Wary, I knelt beside him and looked at the arm he cradled. As I stared, the torn flesh of the bullet wound eased closer together, knit-ting up like a sweater sleeve. Only a couple of millimeters, but enough to convince me that Cameron Shadley was not operating within original design specifications. I looked at him and he glared back. I had to swallow hard a couple of times to work up enough spit to speak and keep my dinner down at the same time.
"I have to get you and your car out of here right away."
"I'll be fine."
"Not once the tow truck gets here."
"Tow truck?"
"Yes." I stood back. "I heard about your car because it's on the impound list. It'll be towed in the next couple of minutes if we don't move it."

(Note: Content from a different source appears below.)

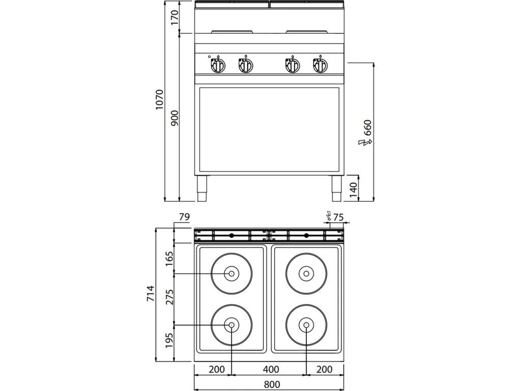 Kuchenka elektryczna - 10,4 kW - 4 płyty okrągłe

He groaned like a soap-opera diva and hung his head back. "Great! Just great! How'm I supposed to drive with one hand? It's a manual."
"I'll drive."
"What about your car? You've got a car, right?"
"My car isn't going to be towed yet. Come on. Let's go. Give me the keys."
Grunting, Cameron reached into the left front pocket of his jeans and flipped me the keys. Miserable, he oozed into the passenger seat as I tied the Camaro's trunk shut around the broken lock, then got into the driver's seat. In five minutes, we were at the payment kiosk.
"Ticket?"
I looked at Cam. He looked back and shrugged. "Lost it."
"Lost ticket pays the maximum—twenty dollars."
I handed over a twenty and asked for a receipt. We passed the tow truck a block away. I parked the car under the Viaduct and turned to Cameron.
"You stay put here while I go back for my truck. I don't want to have to hunt you down again."
"I'll stay right here," he sighed. "Promise."
I got out, taking the keys, and walked back to the garage. The man in the payment kiosk gave me an odd look when I pulled up again.
"Weren't you just here?"
"Yeah. Had to drive my kid brother's car out. He's so smashed he can barely walk."